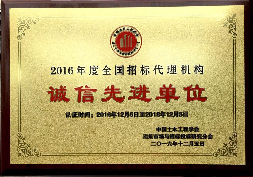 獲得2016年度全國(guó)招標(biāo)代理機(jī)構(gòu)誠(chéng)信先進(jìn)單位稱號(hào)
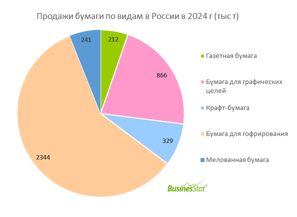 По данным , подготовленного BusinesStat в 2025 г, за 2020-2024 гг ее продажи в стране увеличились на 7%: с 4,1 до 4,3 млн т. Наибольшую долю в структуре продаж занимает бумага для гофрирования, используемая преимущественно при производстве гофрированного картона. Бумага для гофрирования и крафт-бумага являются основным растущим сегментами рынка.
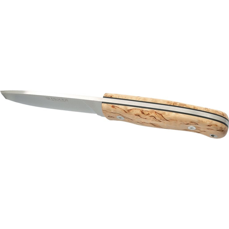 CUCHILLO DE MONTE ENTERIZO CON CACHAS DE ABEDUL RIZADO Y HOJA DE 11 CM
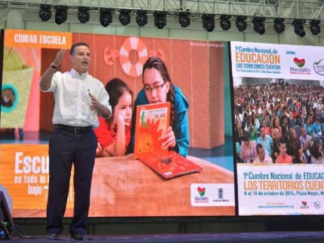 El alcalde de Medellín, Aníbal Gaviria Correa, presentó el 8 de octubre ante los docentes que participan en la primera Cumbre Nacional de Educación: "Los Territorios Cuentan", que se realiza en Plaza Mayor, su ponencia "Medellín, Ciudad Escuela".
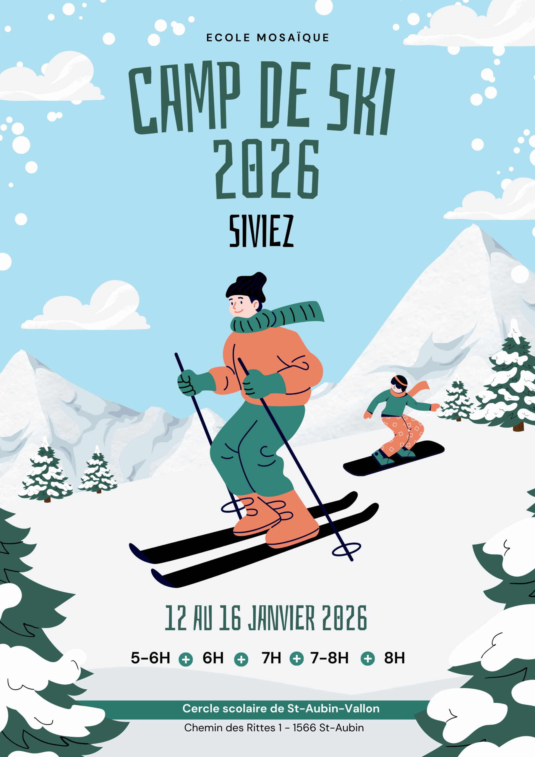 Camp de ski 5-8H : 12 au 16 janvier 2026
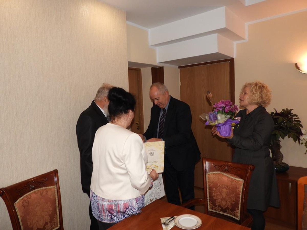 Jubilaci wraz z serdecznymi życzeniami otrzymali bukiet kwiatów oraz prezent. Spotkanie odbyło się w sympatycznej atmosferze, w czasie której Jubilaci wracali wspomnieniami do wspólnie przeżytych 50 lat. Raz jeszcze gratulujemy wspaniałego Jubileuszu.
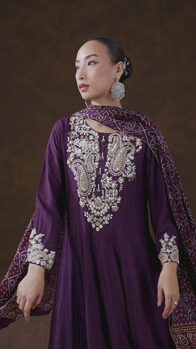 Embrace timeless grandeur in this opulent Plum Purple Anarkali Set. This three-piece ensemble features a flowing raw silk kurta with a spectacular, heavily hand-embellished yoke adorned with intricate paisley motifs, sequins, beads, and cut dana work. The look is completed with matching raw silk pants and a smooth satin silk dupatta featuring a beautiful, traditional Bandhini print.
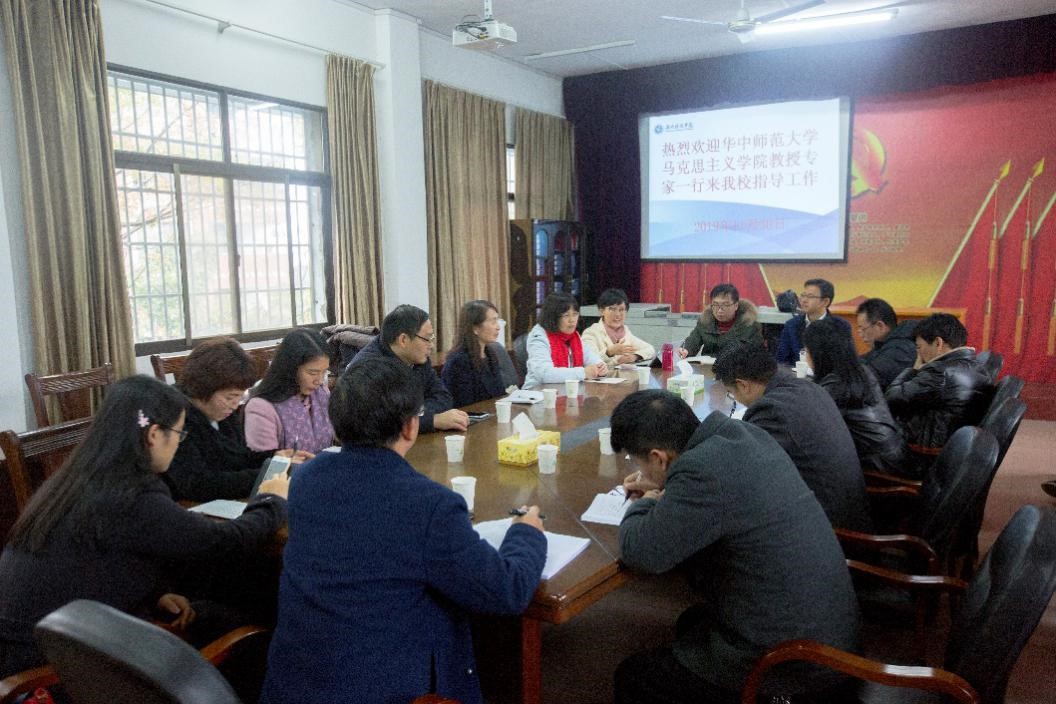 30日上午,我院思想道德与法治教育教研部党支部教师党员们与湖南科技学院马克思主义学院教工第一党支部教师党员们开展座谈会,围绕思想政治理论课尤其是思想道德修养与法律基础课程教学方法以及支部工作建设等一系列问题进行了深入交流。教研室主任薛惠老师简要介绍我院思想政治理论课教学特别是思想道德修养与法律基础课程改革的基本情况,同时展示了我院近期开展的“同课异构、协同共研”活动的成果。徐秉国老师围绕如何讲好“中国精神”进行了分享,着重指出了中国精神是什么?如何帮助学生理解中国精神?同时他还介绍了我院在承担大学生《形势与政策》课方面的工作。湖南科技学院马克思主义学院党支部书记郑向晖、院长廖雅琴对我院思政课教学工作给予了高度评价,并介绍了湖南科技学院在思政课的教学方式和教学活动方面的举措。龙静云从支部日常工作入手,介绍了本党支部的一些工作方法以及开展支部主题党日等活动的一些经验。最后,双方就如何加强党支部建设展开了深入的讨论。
⁂
The answer is the lines above from the one with "El alcalde de" to the one with "Jubilaci wraz z", set down exactly, with no pictures.

> [Response to this task]
 El alcalde de Medellín, Aníbal Gaviria Correa, presentó el 8 de octubre ante los docentes que participan en la primera Cumbre Nacional de Educación: "Los Territorios Cuentan", que se realiza en Plaza Mayor, su ponencia "Medellín, Ciudad Escuela".
 Camp de ski 5-8H : 12 au 16 janvier 2026
 Jubilaci wraz z serdecznymi życzeniami otrzymali bukiet kwiatów oraz prezent. Spotkanie odbyło się w sympatycznej atmosferze, w czasie której Jubilaci wracali wspomnieniami do wspólnie przeżytych 50 lat. Raz jeszcze gratulujemy wspaniałego Jubileuszu.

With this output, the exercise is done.